中国留学生の批判意識の欠如 共産党の洗脳教育が原因
欧米諸国の大学や研究機関に留学した中国大陸出身の学生は、一般的に健全な批判精神を持った論理的、合理的な思考つまり「批判的思考(critical thinking)」がないとされる。最新の研究によると、このことの根本的な原因は中国共産党(以下中共)による洗脳教育にある。
英教育誌「タイムズ・ハイアー・エデュケーション」の2月10日付けの記事はノッティンガム・トレントの講師で中国生まれの張濤博士の研究を紹介した。博士によると、中国大陸から来た留学生の多くは教育を受ける段階で、中共による洗脳教育が原因で「批判的思考」ができない。
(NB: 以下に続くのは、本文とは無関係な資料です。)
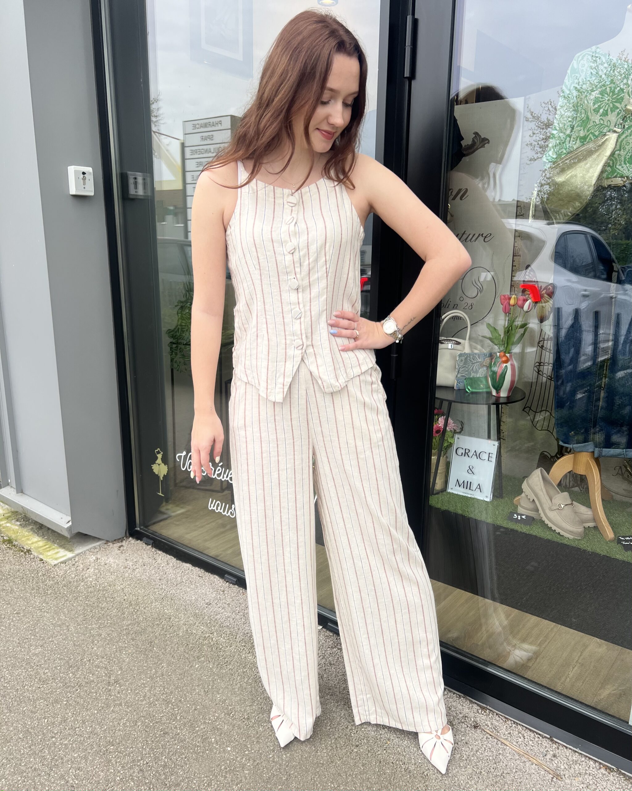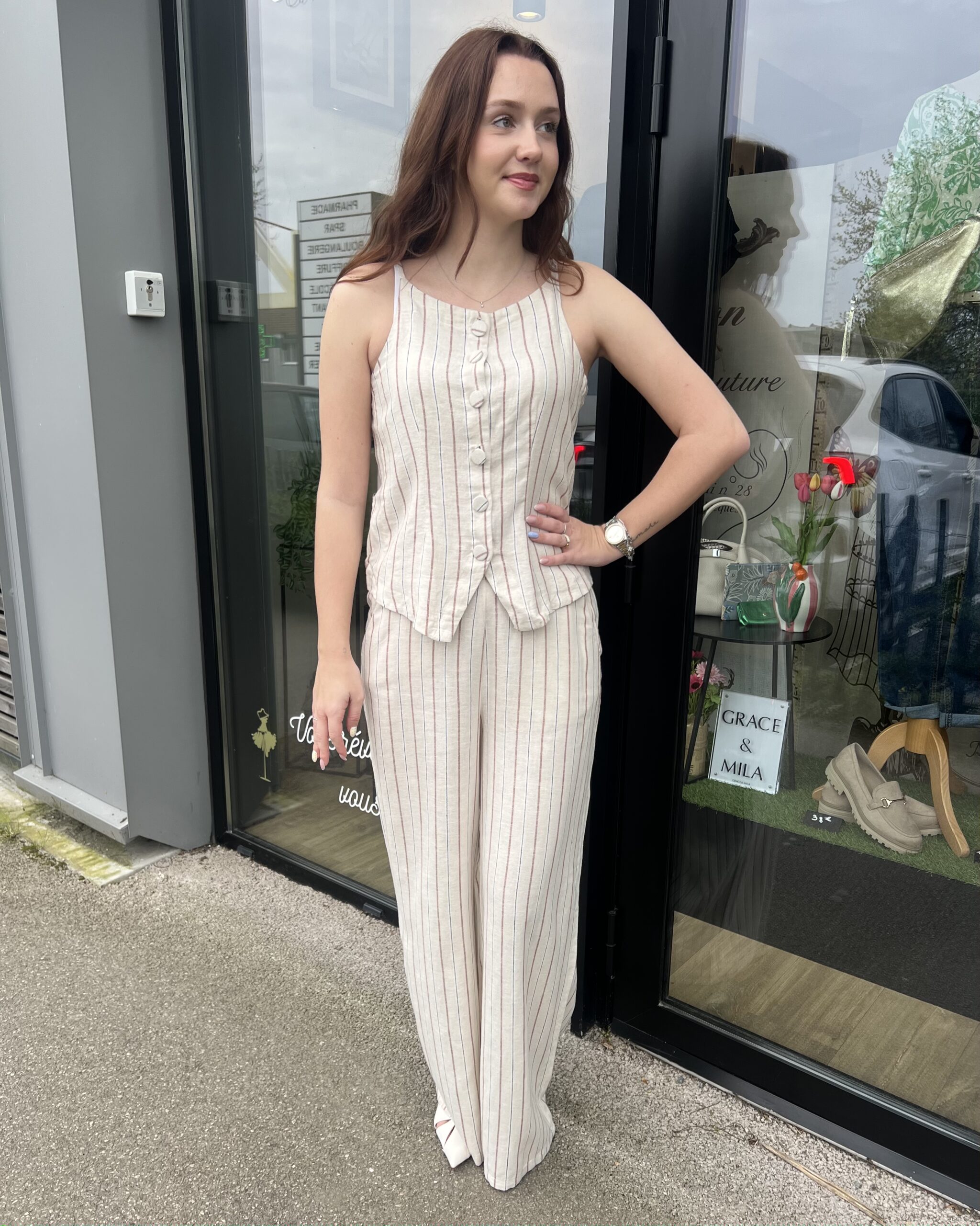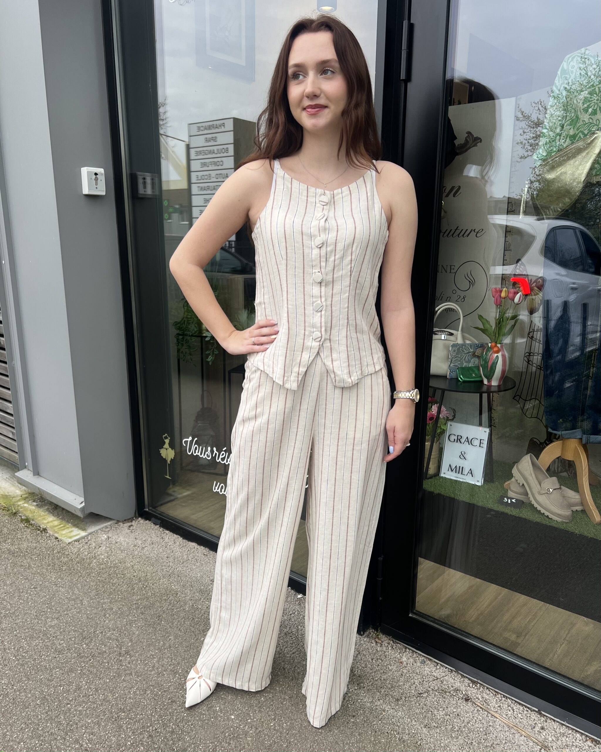 Alliez confort et allure avec ce pantalon marron à fines rayures, une pièce pensée pour sublimer votre quotidien. Son motif discret apporte une touche d’élégance tout en restant facile à porter.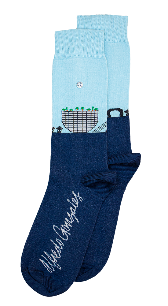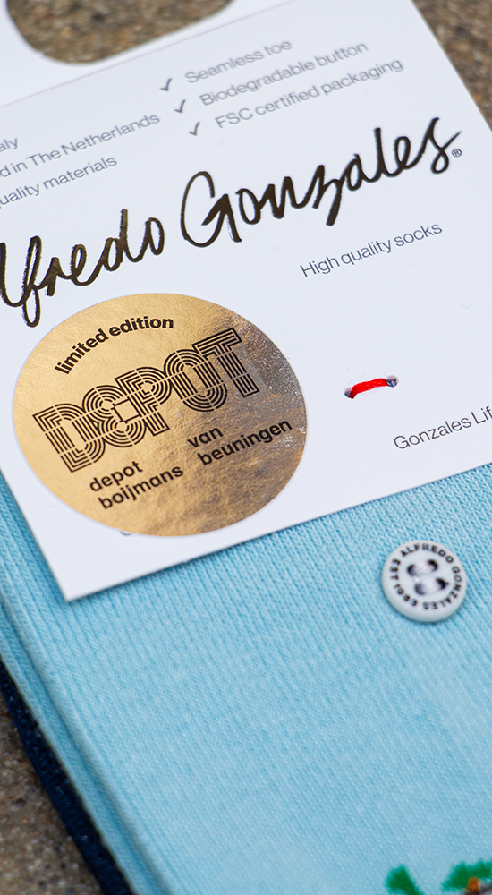 The limited-edition Depot x Alfredo Gonzales sock is here. Developed specially in honour of Depot Boijmans Van Beuningen in collaboration with the extravagant and colourful brand from Rotterdam Alfredo Gonzales. The socks are made from high quality cotton, come with the trademark AG button on the side and are produced in Italy. Next to that the sock is available in 1 children size, the perfect gift for child & parent (the latter only available at Depot).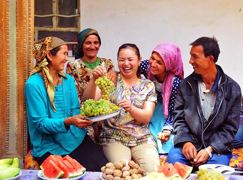 45岁的汉族女企业家尤良英(中)与皮山县维吾尔族农民麦麦体图如普·穆萨克(右一)结下十年姐弟情谊,用超越民族和血缘的奉献,手把手帮助其走上了致富的道路。 (9月3日摄)。新华社记者 马锴 摄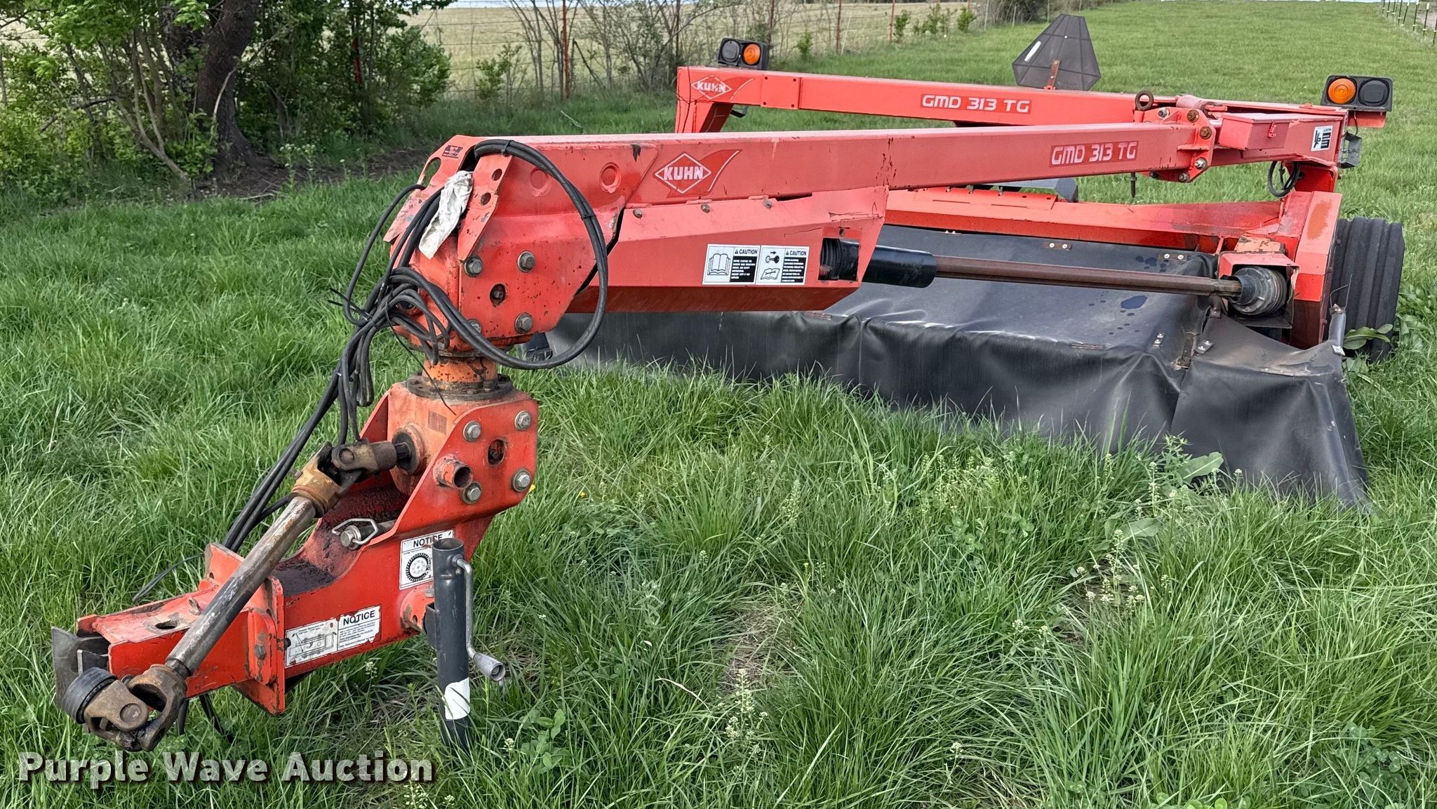 Purple Wave is selling a used Disc or Sickle Mower in Kansas. This item is a Kuhn GMD313TG disc mower with the following: Width: 10', Hydraulic lift, Hydraulic fold, PTO: 540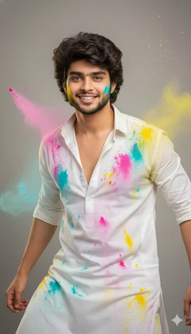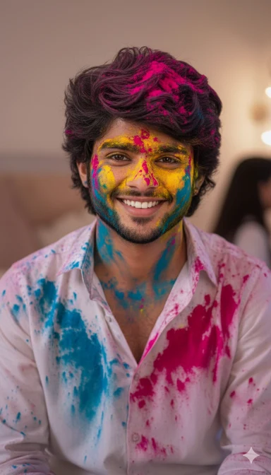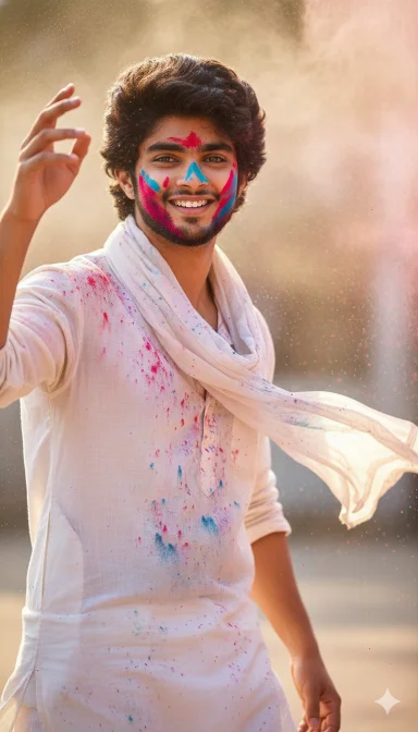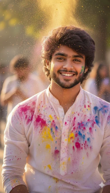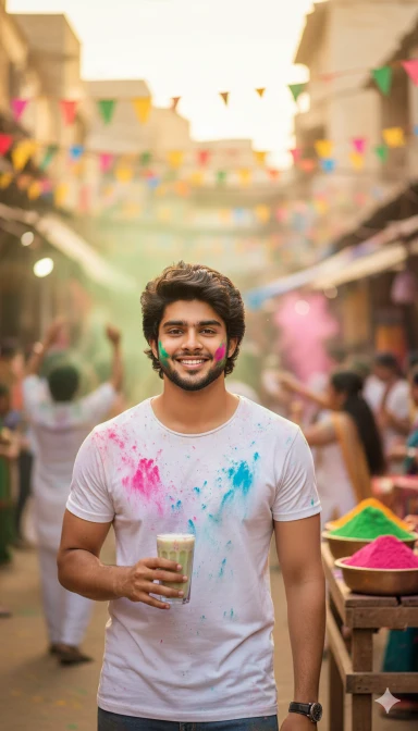 Outfit: Casual modern t-shirt with a name printed (optional), lightly splashed with natural Holi colors.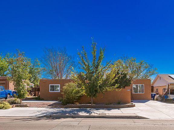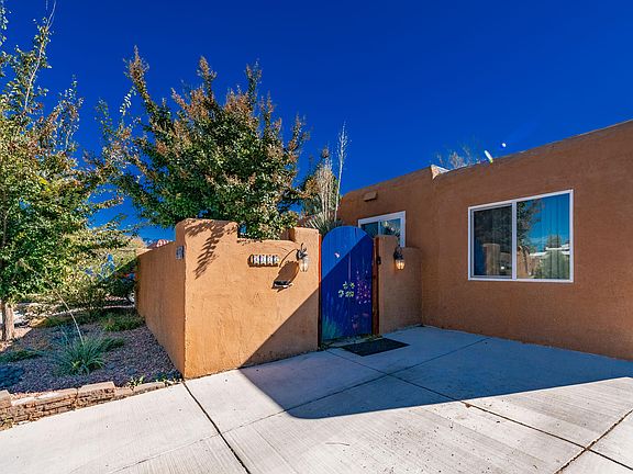 Welcome to this charming three-bedroom, two-bathroom home in the heart of Albuquerque! Enjoy the spacious layout with three living areas and a cozy fireplace. The remodeled kitchen, newer granite countertops, and modern tile flooring, add comfort and style. Brand new Master Cool A/C, newer windows and doors Outdoors, relax in the large backyard featuring a covered patio, large storage shed, grassy area, garden, and chicken coop for fresh eggs. Cherry, plum, peach and pomegranate fruit trees! The welcoming courtyard and ample parking add convenience, Don't miss this delightful oasis and urban farm.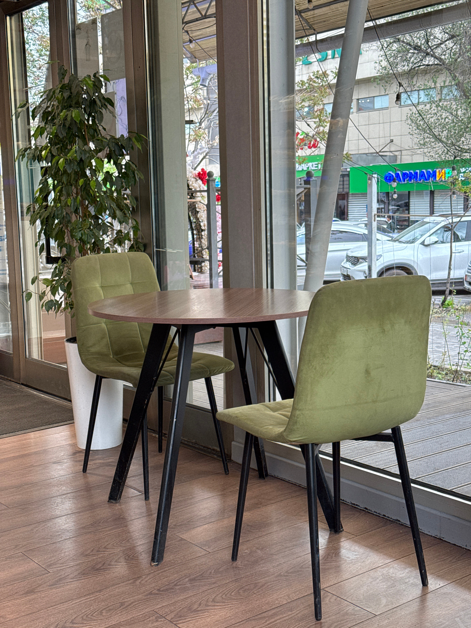 The image presents an interior view, likely from a cafe or restaurant, looking out through a large window onto an urban street in Bishkek City, Kyrgyzstan. In the foreground and mid-ground, within th…read more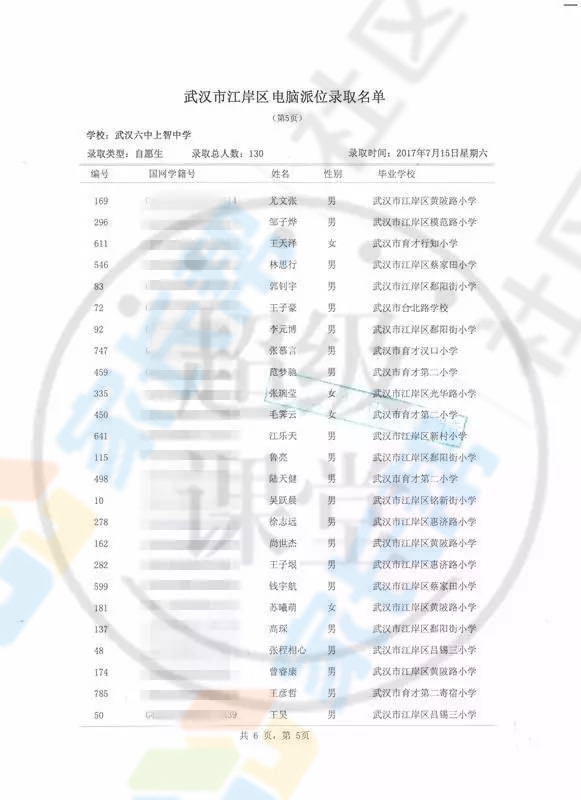 2017年武汉六中上智中学小升初摇号录取名单(5)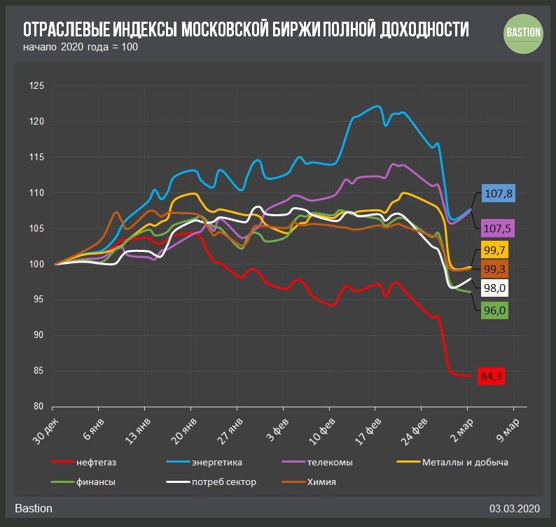 🛢 Нефтегазовый сектор значительно хуже рынка в 2020 году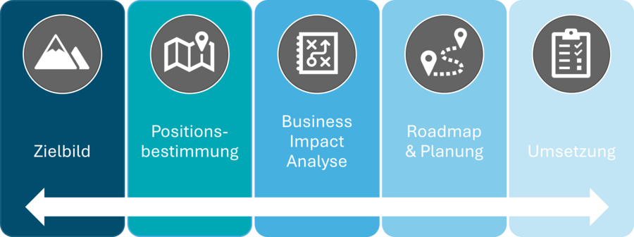 Auf Basis der Analyse unterstützen wir Sie bei der Entwicklung einer konkreten Umsetzungsstrategie. Wir legen Verantwortlichkeiten, Zeitrahmen und Ressourcen fest – praxisnah, realistisch und priorisiert.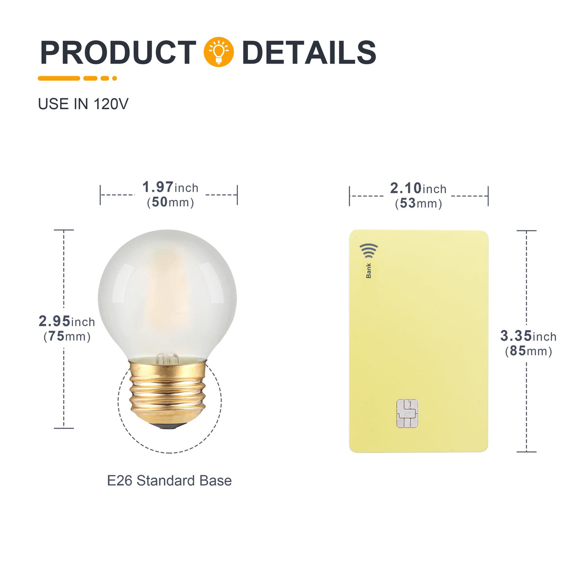 Q: What type of base do these bulbs have?A: The Dimmable Globe Frosted A15 LED Bulbs feature an E26 screw base, making them compatible with most standard light fixtures.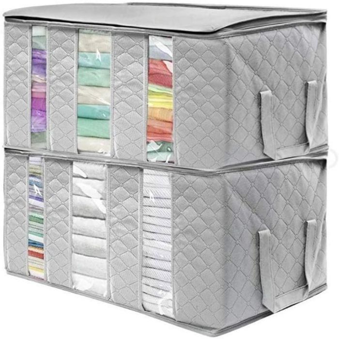 حقيبة تنظيم عملية للملابس والأغطية مصنوعة من قماش غير منسوج قابل للغسل وإعادة الاستخدام، بتصميم شفاف لتحديد المحتويات بسهولة ومقابض جانبية لسهولة الحمل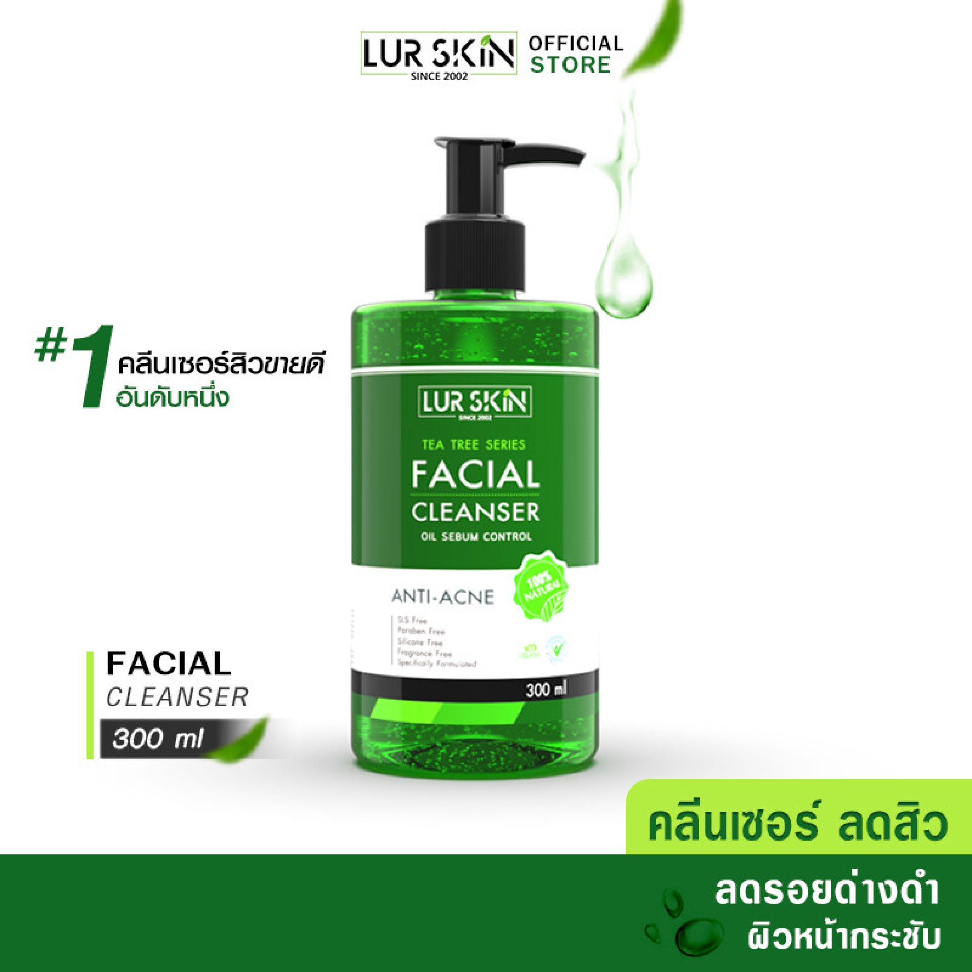 [ส่งไว ส่งฟรี!] LUR SKIN Tea Tree Series Facial Cleanser 300 ml (1 ขวด) เจลล้างหน้าสำหรับผู้มีปัญหาสิว ลดสิว ผิวแพ้ง่าย คุมมัน?

張博士は研究に際してノッティンガム・トレント大学にてメディア学を専攻する中国出身の大学院生をインタビューした。彼らの多くは中共の洗脳式宣伝を信じていないと話すが、批判的思考能力は非常に弱いという。
彼ら中国の大学では専攻科目以外に、思想教育となる「マルクス主義」、「毛沢東思想」、「中国近代史」そして「道徳、法律および公民教育」という4つが必修科目であったと話す。
高等教育ジャーナル(Journal of Further and Higher Education)に収録されている研究報告によると、これらの科目は「学生を政治的プロパガンダのターゲット」としており、学生が「健全な批判精神を形成し理性的な思考能力や推理能力を培う」機会を奪っている。
張博士の研究によると、インタビューを受けた16人の学生のうちの75%は中国にいたときは中共の洗脳式の宣伝教育を真剣に信じたのではなく、試験のために勉強しただけだと話したが、2人の学生は彼らの考え方は中共の洗脳教育の影響を受けたと話している。
洗脳教育の影響により、物事を分析するときは無意識的に公式主義的な思考方法に陥ってしまい、当局を批判する結論を出せないと2人は言う。一方で、彼らは現在意識的に他の思考方法を身に着けようと努力しているという。
張博士は、留学生が「批判的思考」に対する理解度を問われたとき、一人の学生はこの言葉をまったく知らなかったと話す。中国にいたときには聞いたことも無ければ、どのようにして「批判的」に思考するのかも知らず、何をしていいのか分からなかったのだ。
その学生はインタビューに対してこう話す。「いかなる意見もその根拠とそれをサポートするデータが必要であることを、イギリスに来て始めて知った。中国ではそうしなくてもいいから」
他の2人の学生は、中共が歴史教科書から意図的に1989年の天安門事件を削除したことを知るようになり、中共の宣伝に懐疑的な目で見るようになってきたと話した。